Prompt - Taking only the lines of the data below from the line with "Rembrandt van Rijn" to the line with "员工冒雨翻山越岭逐基杆塔进行", ends included, write them out exactly and without pictures.

Data listing -
# # # # #

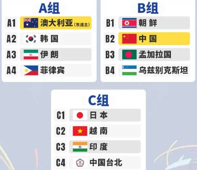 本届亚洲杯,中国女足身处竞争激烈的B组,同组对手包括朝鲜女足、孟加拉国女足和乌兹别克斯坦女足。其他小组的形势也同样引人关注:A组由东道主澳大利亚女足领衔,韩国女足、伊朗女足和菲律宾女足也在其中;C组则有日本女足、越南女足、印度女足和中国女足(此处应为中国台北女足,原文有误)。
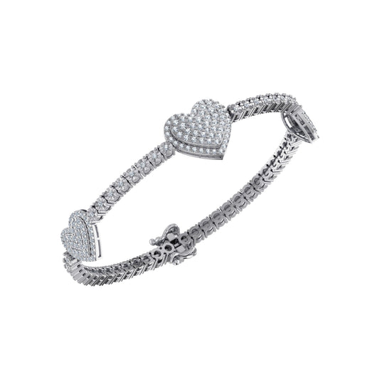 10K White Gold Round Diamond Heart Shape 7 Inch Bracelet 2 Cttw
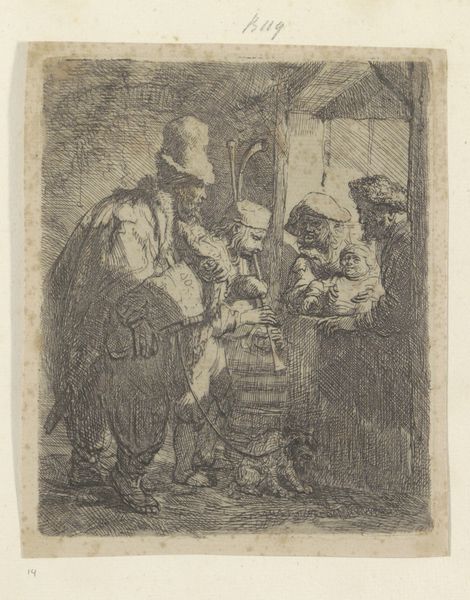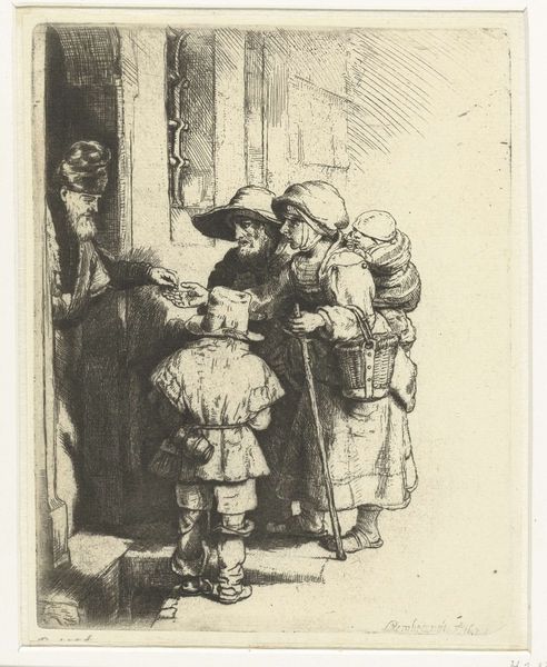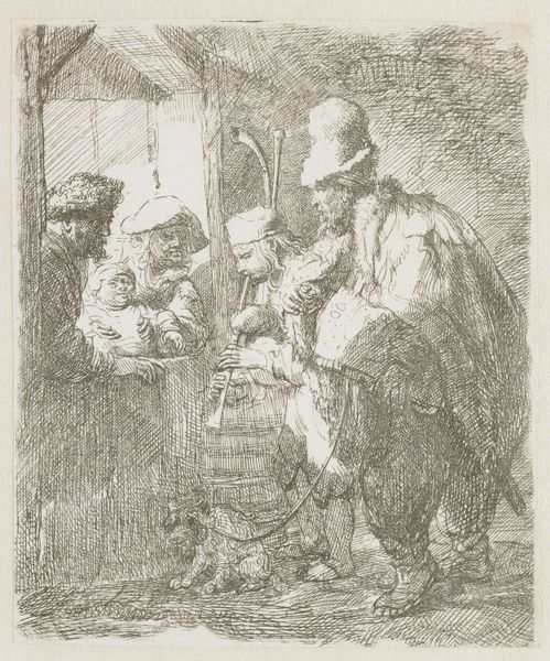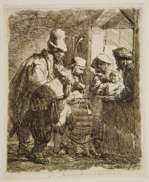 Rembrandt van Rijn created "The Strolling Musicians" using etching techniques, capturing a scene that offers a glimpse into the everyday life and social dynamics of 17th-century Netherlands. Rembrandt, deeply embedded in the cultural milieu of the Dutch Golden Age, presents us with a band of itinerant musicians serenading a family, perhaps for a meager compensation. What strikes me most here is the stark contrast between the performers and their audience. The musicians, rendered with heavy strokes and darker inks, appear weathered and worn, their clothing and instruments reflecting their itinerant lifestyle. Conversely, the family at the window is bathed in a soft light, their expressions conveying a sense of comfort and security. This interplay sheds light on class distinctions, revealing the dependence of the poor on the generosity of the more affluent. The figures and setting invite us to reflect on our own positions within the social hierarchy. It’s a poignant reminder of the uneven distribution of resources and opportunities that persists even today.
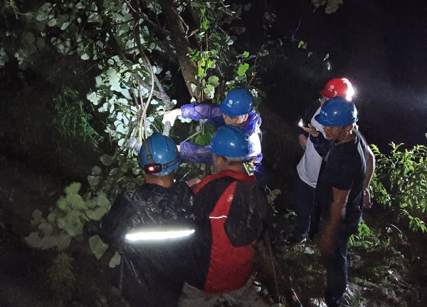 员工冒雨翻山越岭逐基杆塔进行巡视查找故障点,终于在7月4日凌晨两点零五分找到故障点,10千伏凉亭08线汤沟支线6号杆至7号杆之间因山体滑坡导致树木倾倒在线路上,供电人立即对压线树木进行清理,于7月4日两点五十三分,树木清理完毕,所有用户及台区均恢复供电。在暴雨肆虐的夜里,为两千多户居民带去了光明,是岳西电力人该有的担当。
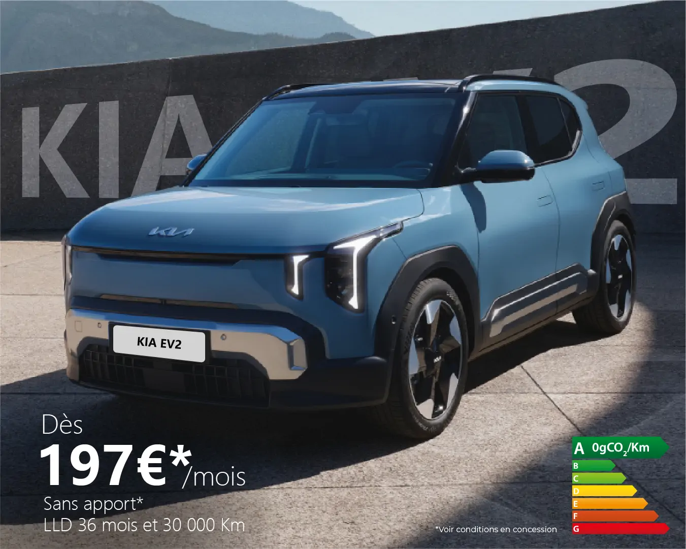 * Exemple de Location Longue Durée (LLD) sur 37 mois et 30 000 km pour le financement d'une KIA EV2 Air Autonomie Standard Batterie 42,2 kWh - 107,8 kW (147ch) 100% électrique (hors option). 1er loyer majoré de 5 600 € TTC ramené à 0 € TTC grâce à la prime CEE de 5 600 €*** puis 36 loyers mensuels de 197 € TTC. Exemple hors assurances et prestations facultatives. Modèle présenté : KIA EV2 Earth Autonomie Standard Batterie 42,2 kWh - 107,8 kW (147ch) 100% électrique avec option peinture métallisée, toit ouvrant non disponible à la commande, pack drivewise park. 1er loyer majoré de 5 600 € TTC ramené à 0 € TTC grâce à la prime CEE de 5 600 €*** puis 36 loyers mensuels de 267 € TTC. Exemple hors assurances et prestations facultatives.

# # # # #

Solution -
 Rembrandt van Rijn created "The Strolling Musicians" using etching techniques, capturing a scene that offers a glimpse into the everyday life and social dynamics of 17th-century Netherlands. Rembrandt, deeply embedded in the cultural milieu of the Dutch Golden Age, presents us with a band of itinerant musicians serenading a family, perhaps for a meager compensation. What strikes me most here is the stark contrast between the performers and their audience. The musicians, rendered with heavy strokes and darker inks, appear weathered and worn, their clothing and instruments reflecting their itinerant lifestyle. Conversely, the family at the window is bathed in a soft light, their expressions conveying a sense of comfort and security. This interplay sheds light on class distinctions, revealing the dependence of the poor on the generosity of the more affluent. The figures and setting invite us to reflect on our own positions within the social hierarchy. It’s a poignant reminder of the uneven distribution of resources and opportunities that persists even today.
 员工冒雨翻山越岭逐基杆塔进行巡视查找故障点,终于在7月4日凌晨两点零五分找到故障点,10千伏凉亭08线汤沟支线6号杆至7号杆之间因山体滑坡导致树木倾倒在线路上,供电人立即对压线树木进行清理,于7月4日两点五十三分,树木清理完毕,所有用户及台区均恢复供电。在暴雨肆虐的夜里,为两千多户居民带去了光明,是岳西电力人该有的担当。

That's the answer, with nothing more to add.